Legacy applications also require RM-ODP compatible interfaces to be able to interwork with the application. These interfaces could notionally be integrated into the legacy applications themselves. However, since the majority of these applications are no longer under development, a gateway application is normally required to ‘wrap’ the application and offer its functionality through a service interface. Attaching well defined service interfaces to these applications has an additional benefit: once the interface has been defined, new applications can be developed by the organisation which are then able to interwork with the existing range of legacy applications using a simple common mechanism, despite the heterogeneous networks and end-systems in use.

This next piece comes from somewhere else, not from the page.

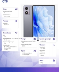 Tableta OT8 cântărește doar 515 grame și designul său subțire de 7,8 mm o face ușor de transportat și utilizat în deplasare.
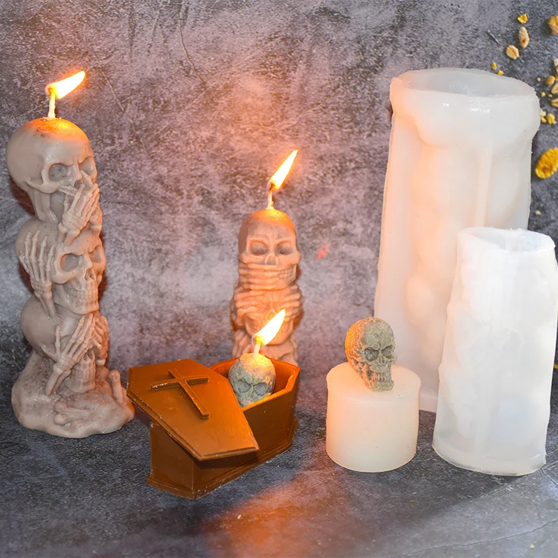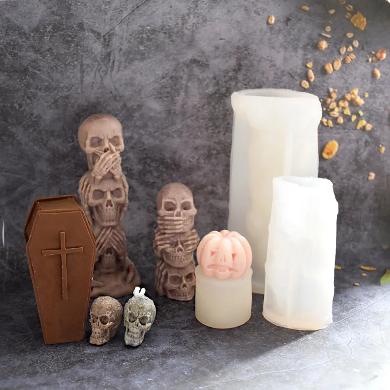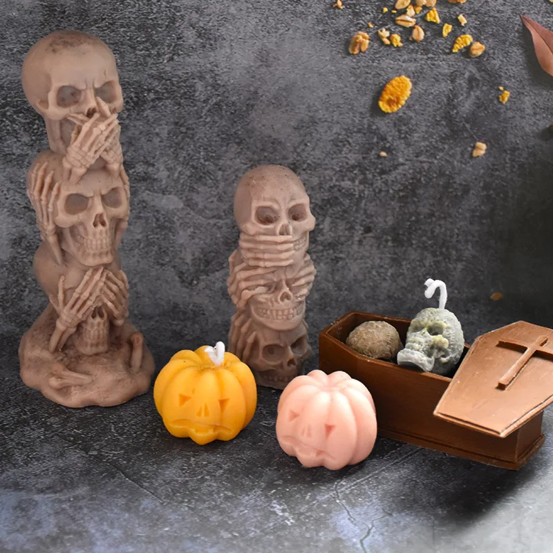 3D Ghost Skull Candle Silicone Mold DIY Halloween Horror Decoration Aromatherapy Candle Plaster Handmade Soap Mould Party Decors

An alternative, and much explored, strategy for implementing collaborative applications is through the use of a common windowing system, such as X, with a multiplexer to share graphical information between hosts [Abdel-Wahab,91]. However, research has shown little positive experience of using standard applications in a collaborative context [Lauwers,90]. Moreover, using such a protocol in a mobile environment raises a number of problems [Kantarjiev,93]. For instance, users are constrained to view shared information at exactly the same level of detail, resolution, size and position on their displays (violating the premise of a configurable toolkit approach). Moreover, such an approach would impair interactions between mobile field workers and office based colleagues that are using more powerful fixed workstations with larger higher resolution displays (particularly in the case of control centre staff who are required to deal with multiple field engineers simultaneously). In addition, windowing systems such as X generate a significant volume of high-rate latency sensitive protocol traffic which is poorly suited to mobile communications (although researchers are attempting to improve the performance of the X protocol over reduced capacity fixed links [Fulton,93]). Lastly, tying all hosts within the conference to a single windowing system implies firstly, that all hosts will be capable of running the system (which infers a range of hardware and software limitations) and, secondly, that the tools being used collaboratively will also run under the windowing system.